After being turned away twice for COVID-19 testing, 30-year-old teacher, Rana Zoe Mungin, in Brooklyn has died of Coronavirus after she was diagnosed with the virus.
Rana Zoe , was confirmed dead by her mother after she battled coronavirus in the hospital for more than one month.
According to her family, Rana Zoe was twice denied COVID-19 testing at Brooklyn’s Brookdale Hospital despite repeated pleas for help and exhibiting various symptoms of the coronavirus. One of her friends also stated that Rana Zoe condition was dismissed as a “panic attack” by an EMT.
Her sister, Mia Mungin, a registered New York City nurse, has been chronicling her sister’s journey across social media for more than a month, and said “she fought a long fight but her body was too weak.”

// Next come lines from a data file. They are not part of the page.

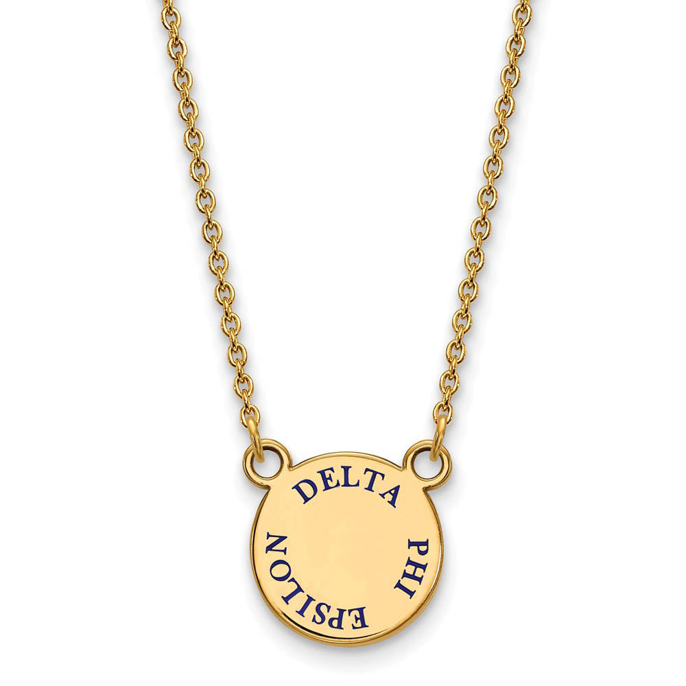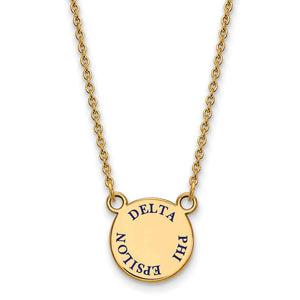 14K Plated Silver Delta Phi Epsilon Small Blue Enamel Necklace - Black Bow Jewelry Company
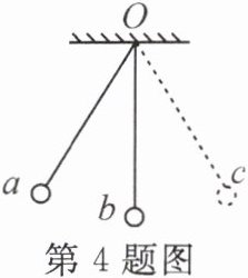 4.在竖直平面内用轻质细线悬挂一个小球,将小球拉至a点,使细线处于拉直状态。由静止释放,不计空气阻力,小球可在a、c两点间来回摆动,b点是小球运动轨迹中的最低点,如图所示。下列分析正确的是 …………………………………………………( )
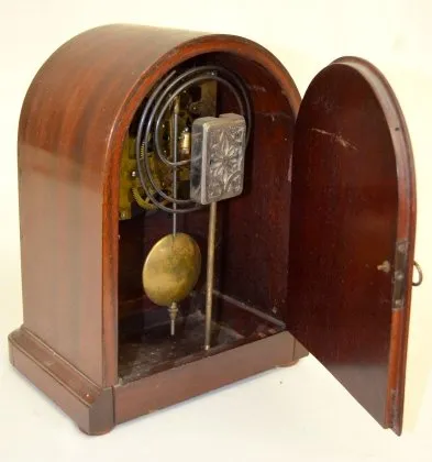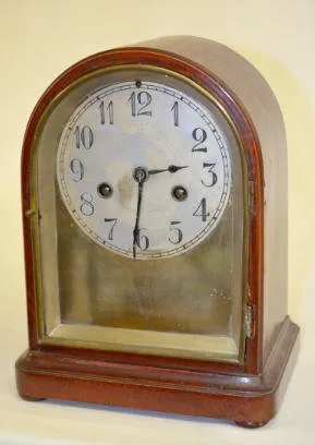 Gustav Becker Mahogany Mantel Clock With a T & S movement signed "GB Silesia"; a metal front and dial. Not tested. (There is minor roughness and scuffs.) 10 3/4" Tall x 8 1/4" Wide
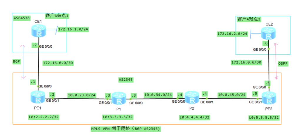 P、PE之间配置OSPF,实现骨干网的IP连通性。
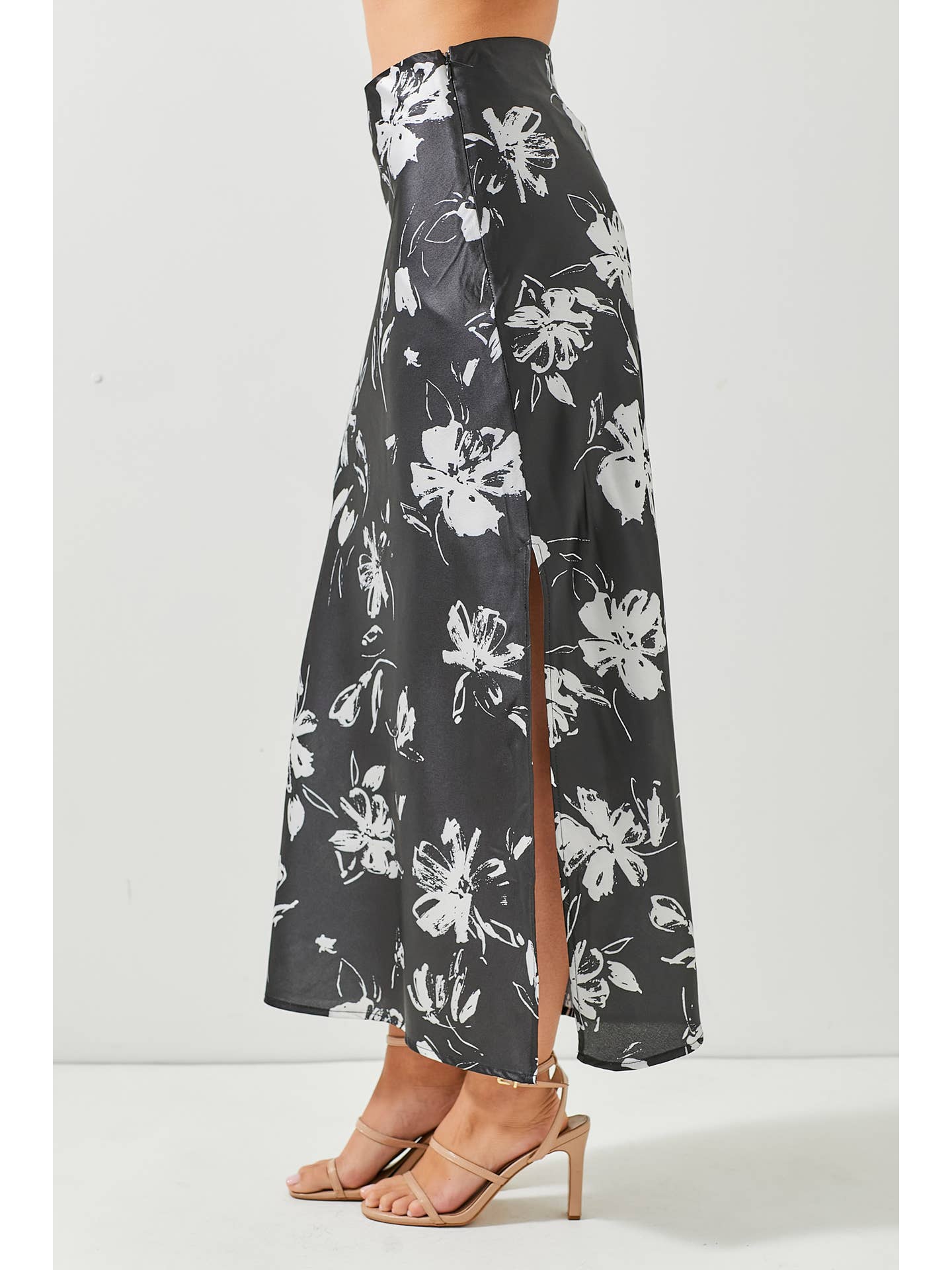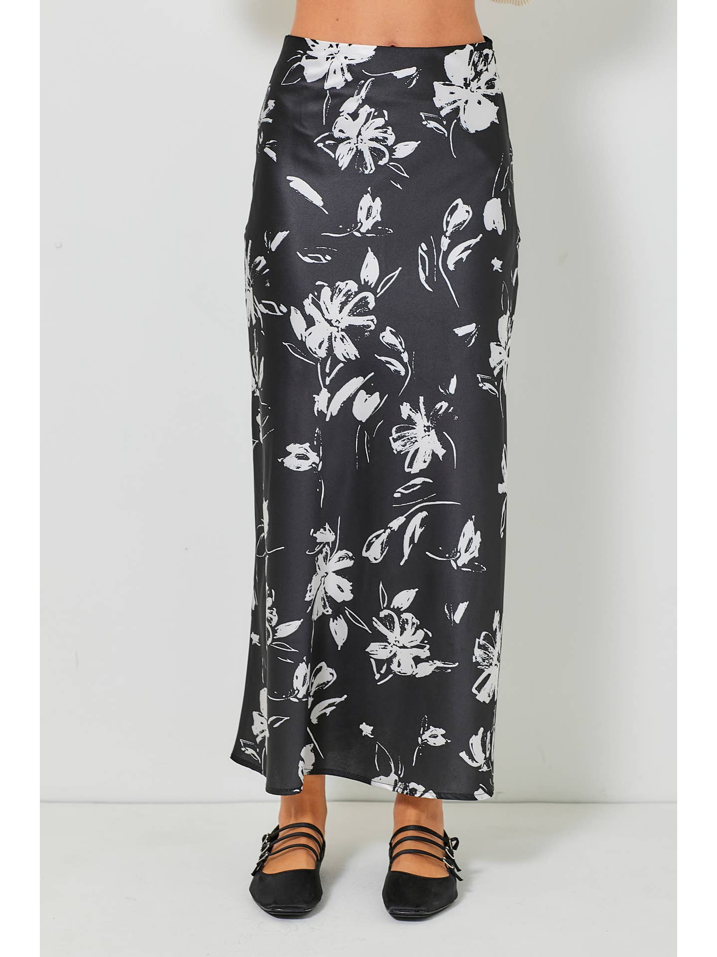 Floral Satin Maxi Skirt - Black

“Racism and health disparities still continues … [and] the zip code in which we live still predetermines the type of care we receive,” Mia Mungin wrote on Facebook about the racial disparities in the health care system and the care received by her sister, who was black.
“She died not only because of COVID-19, but because we live in a world that is racist and anti-black,” her friend for more than a decade, Nohemi Maciel, told ABC News. “We know that black people are dying at disproportionate rates. This cannot be left out of the conversation.”
“I’m heartbroken and don’t know how to live in a world without Zoe. But I’m also angry. I’m angry that her students lost a wonderful and committed teacher, because representation matters,” Maciel added.
It is with heavy heart that I have to inform you all that my sister Rana Zoe Maybe has passed away today at 12:25pm due to COVID-19 complication. She fought a long fight but her body was to weak. 😞😪
— mia mungin (@MiaMungin) April 27, 2020
Lauren Calihman, who met Mungin during her freshman year at Wellesley College, said;
“Imagine if Zoe had received treatment consistent with the severity of her symptoms, rather than receiving treatment consistent with her origins,” said Calihman.
“She was the kind of person so captivating and sincere in her dealings with others and her writing that she naturally attracted a following, and scores of friends and admirers recently fought tooth and nail for her without ever having met her,” Calihman added.